Step 2: Add Required Extensions and Receivers

Section titled “Step 2: Add Required Extensions and Receivers”

Extensions

extensions:
  file_storage:
    create_directory: true

Receivers

Two receivers are used:

  • PostgreSQL Receiver – collects metrics
  • File Log Receiver – collects logs (general, error, slow queries)
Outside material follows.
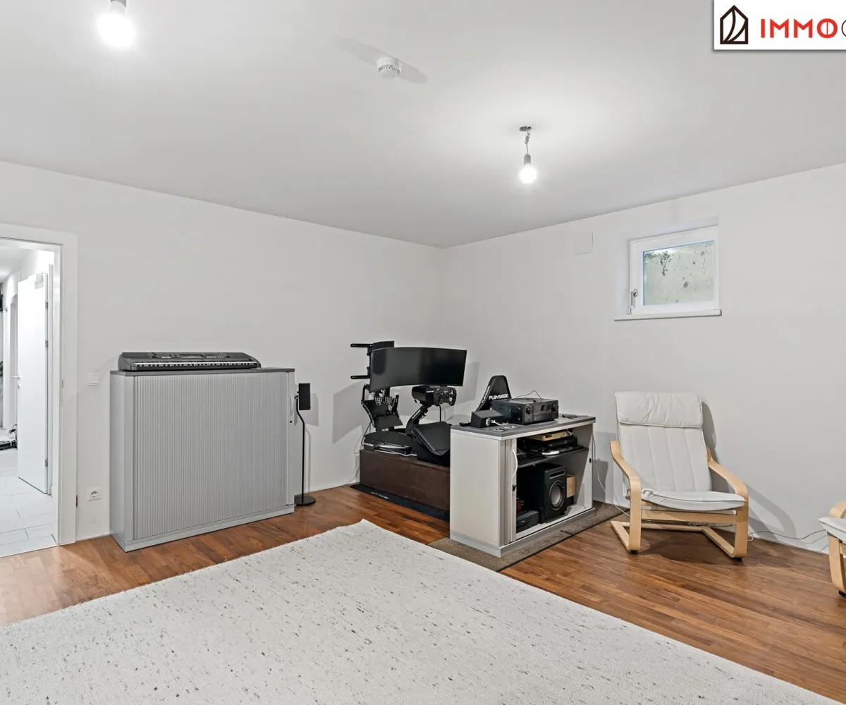 Das Untergeschoss überrascht mit einer Vielseitigkeit, die weit über das Übliche hinausgeht. Neben einer beheizten Werkstatt und einer Doppelgarage mit Kraftstromanschluss für E-Fahrzeuge finden sich hier ein voll ausgestattetes Heimkino bzw. Musikzimmer sowie ein Fitnessraum . Beide Räume sind ebenfalls mit Nussbaum-Parkett und Fußbodenheizung versehen und bieten die Möglichkeit, sie mit geringem Aufwand in eine private Sauna- und Wellnesslandschaft zu verwandeln.

If you only need metrics, configure only the PostgreSQL receiver.

receivers:
  postgresql:
    endpoint: localhost:5432  #update the endpoint
    transport: tcp
    username: <postgres>  #update postgres username
    password: <password>  #Update postgres password
    databases: []
    collection_interval: 30s
    tls:
      insecure: true
    metrics:
      postgresql.deadlocks:
        enabled: true
      postgresql.database.locks:
        enabled: true

  filelog/pgsql_json:    #use this file log if postgres version >= 15 
    include: [/var/lib/postgresql/*/main/log/postgresql*]
    storage: file_storage
    retry_on_failure:
      enabled: true
    operators:
      - type: json_parser
        parse_to: body
        severity:
          parse_from: body.error_severity
          mapping:
            info: LOG

  filelog/pgsql_log:  #use this file log if postgres version < 15 
    include: [/var/lib/postgresql/*/main/log/postgresql*]
    storage: file_storage
    multiline:
      line_start_pattern: ^\d{4}-\d{2}-\d{2} \d{2}:\d{2}:\d{2}
    retry_on_failure:
      enabled: true
    operators:
      - type: regex_parser
        parse_to: body
        regex: '^(?P<timestamp>[0-9\-]+\s[0-9:\.]+\s\w+)\s+\[(?P<pid>\d+)\](?:\s+(?P<database>\w+)@(?P<user>\w+))?\s+(?P<severity>\w+):(?:\s+duration:\s+(?P<duration>\d+\.\d+)\s+[^ ]*\s+(statement:\s+)?)?\s+(?P<query>.+)$'
        timestamp:
          parse_from: body.timestamp
          layout: '%Y-%m-%d %H:%M:%S.%f %Z'
        severity:
          parse_from: body.severity
          mapping:
            info:
              - STATEMENT
              - LOG
      - type: remove
        field: body.severity
      - type: remove
        field: body.timestamp

Set up the processor component to identify resource information from the host and either append or replace the resource values in the telemetry data with this information.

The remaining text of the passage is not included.